Blumenberg, Hans.  Paradigms for a Metaphorology Ithaca: Cornell UP, 2010;
Blumenberg, Hans.  Care Crosses the River.  Trans. Paul FlemingStanford: Stanford UP, 2010.

The publication in 2010 of two new English translations of books by Hans Blumenberg is cause for celebration. Their nearly simultaneous appearance may be a coincidence -- Paradigms for a Metaphorology was translated by Robert Savage for Cornell and Care Crosses the River was translated by Paul Fleming for Stanford -- but the coincidence could not be more fortunate as the two works complement each other superbly.

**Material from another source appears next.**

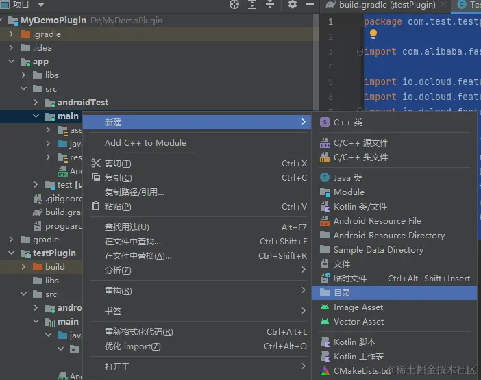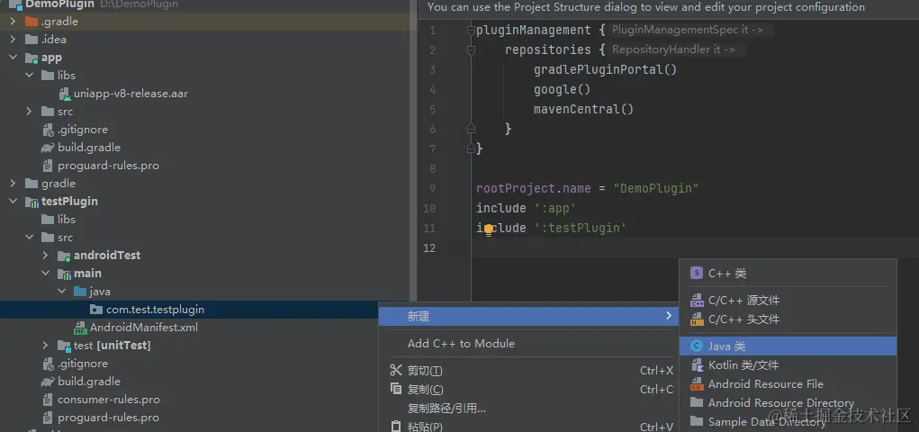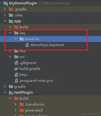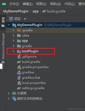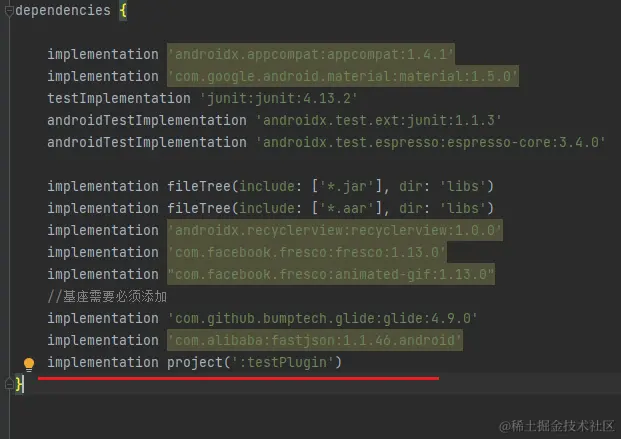 然后在build.gradle(app)下添加,implementation project(':testPlugin')用来引入本地插件

These relatively brief, stylistically divergent works from opposite ends of Blumenberg's career (1960 and 1986) provide English-language readers with long-overdue access to Blumenberg's reflections on the role of metaphor in philosophical discourse.

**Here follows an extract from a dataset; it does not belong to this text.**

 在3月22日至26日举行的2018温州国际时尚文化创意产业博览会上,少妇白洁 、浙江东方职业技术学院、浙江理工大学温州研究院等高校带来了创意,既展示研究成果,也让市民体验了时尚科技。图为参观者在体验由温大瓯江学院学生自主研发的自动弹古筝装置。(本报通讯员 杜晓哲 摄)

Blumenberg is one of Germany's most important postwar philosophers, but his presence in the English language has so far been limited. Born in Lübeck in 1920, his studies were interrupted by the war, during which he was persecuted as a Halbjude ("half Jew") and sheltered by the family of his future wife. Following the war he promptly completed his doctoral and postdoctoral dissertations (1947 and 1950), then taught successively at universities in Hamburg, Giessen, and Bochum, landing finally in Münster from 1970 to 1986. Beginning in 1966 he published a series of weighty volumes, three of which were translated into English by Bob Wallace and published by MIT Press in the 1980s: The Legitimacy of the Modern Age, Work on Myth, and The Genesis of the Copernican Age. Since his death in 1996, a steady stream of posthumous publications has accompanied the intensified interest in his work in Germany; interest from the Anglophone world is increasing as well, evidenced in part by these two new translations.

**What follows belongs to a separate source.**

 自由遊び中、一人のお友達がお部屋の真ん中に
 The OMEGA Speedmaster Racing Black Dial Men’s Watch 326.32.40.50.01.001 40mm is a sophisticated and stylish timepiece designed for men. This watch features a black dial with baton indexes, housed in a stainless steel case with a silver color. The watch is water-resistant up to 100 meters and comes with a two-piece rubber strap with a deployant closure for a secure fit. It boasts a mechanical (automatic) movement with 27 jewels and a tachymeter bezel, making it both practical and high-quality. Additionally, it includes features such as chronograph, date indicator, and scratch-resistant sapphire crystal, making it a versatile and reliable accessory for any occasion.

Independently of the linguistic turn in France, Blumenberg began highlighting the role of metaphor in philosophical discourse in the 1950s. More than a decade before the appearance of Jacques Derrida's "La mythologie blanche", for example, Blumenberg published "Light as a Metaphor for Truth" (1957), which includes his earliest reference to nonconceptuality (Unbegrifflichkeit), his paradoxical concept for perceptions and experiences that do not lend themselves to representation in precise, univocal concepts and thus invite expression in metaphor, myth, and symbol. Paradigms for a Metaphorology, coming three years later, argues for a broadening of the field of Begriffsgeschichte (the history of concepts) to include the history of metaphors. Metaphors are not merely ornamentation, Blumenberg argues, but are
foundational elements [Grundbestände] of philosophical language, 'translations' that resist being converted back into authenticity and logicality. If it could be shown that such translations, which would have to be called 'absolute metaphors', exist, then one of the essential tasks of conceptual history (in the thus expanded sense) would be to ascertain and analyze their conceptually irredeemable expressive function. (Paradigms, 3)
The first half of Paradigms for a Metaphorology demonstrates this expressive function in several metaphors, such as the powerful truth, the naked truth, terra incognita, the incomplete universe, and the book of nature. The second half begins to demarcate the realm of metaphor with paradigms for a "typology of metaphor histories." The paradigms focus on "transitional phenomena" that illustrate the historical transformations between, and distinct functions of, absolute metaphor, myth, symbol, and concept. This tentative typology involves the discussion of additional metaphors that would become the focus of later, longer works by Blumenberg, including Plato's allegory of the cave and Copernicus's cosmology. . . .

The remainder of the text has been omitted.